# MATERIAL PROVIDED:

▽

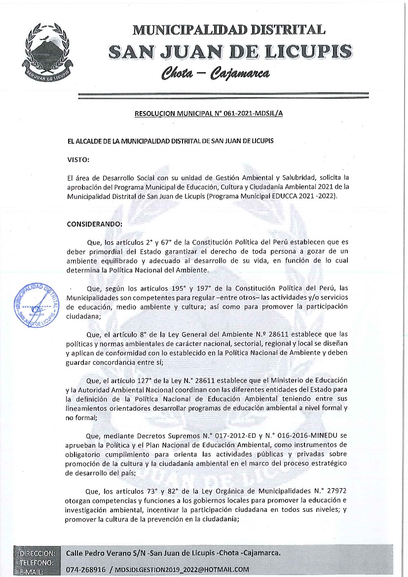 Resolución de Alcaldía N° 061-2021-MDSJL/A - Municipalidad Distrital de San Juan de Licupis - Chota
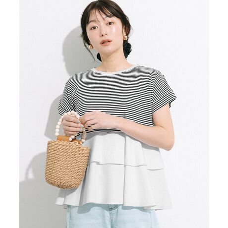 ・身頃はTシャツ素材、裾はブラウス素材の異素材ドッキング
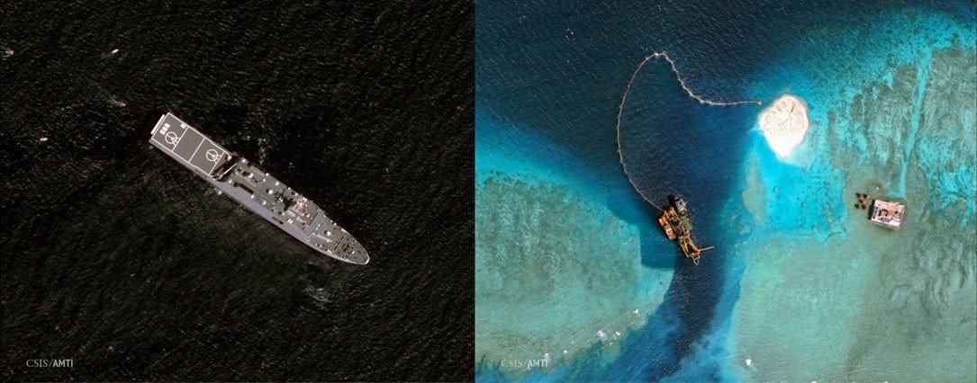 En las imágenes del satélite recogidas por 'The Asia Maritime Transparency Initiative', se puede apreciar cómo se llevan a cabo los trabajos de la construcción de las islas artificales.
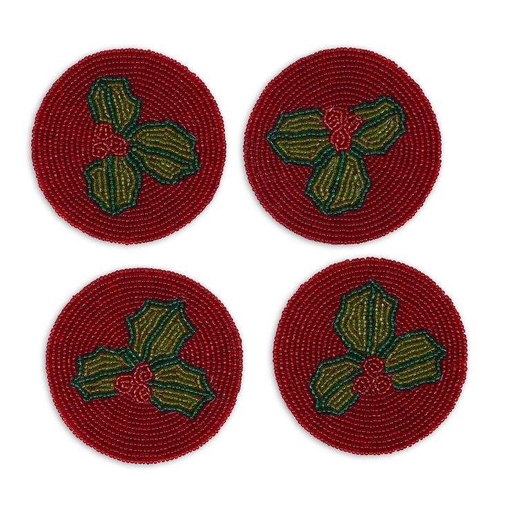 Sous-verre à thé perlé artisanal personnalisable, écologique et de haute qualité, motif crème glacée, bordure verte et rouge, forme décorative pour table
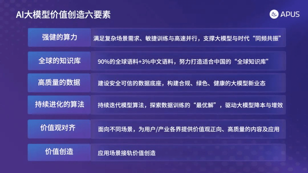 (APUS李涛创新提出AI大模型价值创造“六要素”)
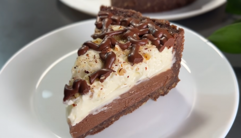 U drugoj posudi mikserom umutite 200 grama krem sira sa 200 grama krema i to sipajte u kalup, preko već pripremljene kore i poravnajte.

△

# EXERCISE PROMPT:
For each entry, repeat its text exactly and leave out any picture it holds.

# ANSWER SPACE:
 Resolución de Alcaldía N° 061-2021-MDSJL/A - Municipalidad Distrital de San Juan de Licupis - Chota
 ・身頃はTシャツ素材、裾はブラウス素材の異素材ドッキング
 En las imágenes del satélite recogidas por 'The Asia Maritime Transparency Initiative', se puede apreciar cómo se llevan a cabo los trabajos de la construcción de las islas artificales.
 Sous-verre à thé perlé artisanal personnalisable, écologique et de haute qualité, motif crème glacée, bordure verte et rouge, forme décorative pour table
 (APUS李涛创新提出AI大模型价值创造“六要素”)
 U drugoj posudi mikserom umutite 200 grama krem sira sa 200 grama krema i to sipajte u kalup, preko već pripremljene kore i poravnajte.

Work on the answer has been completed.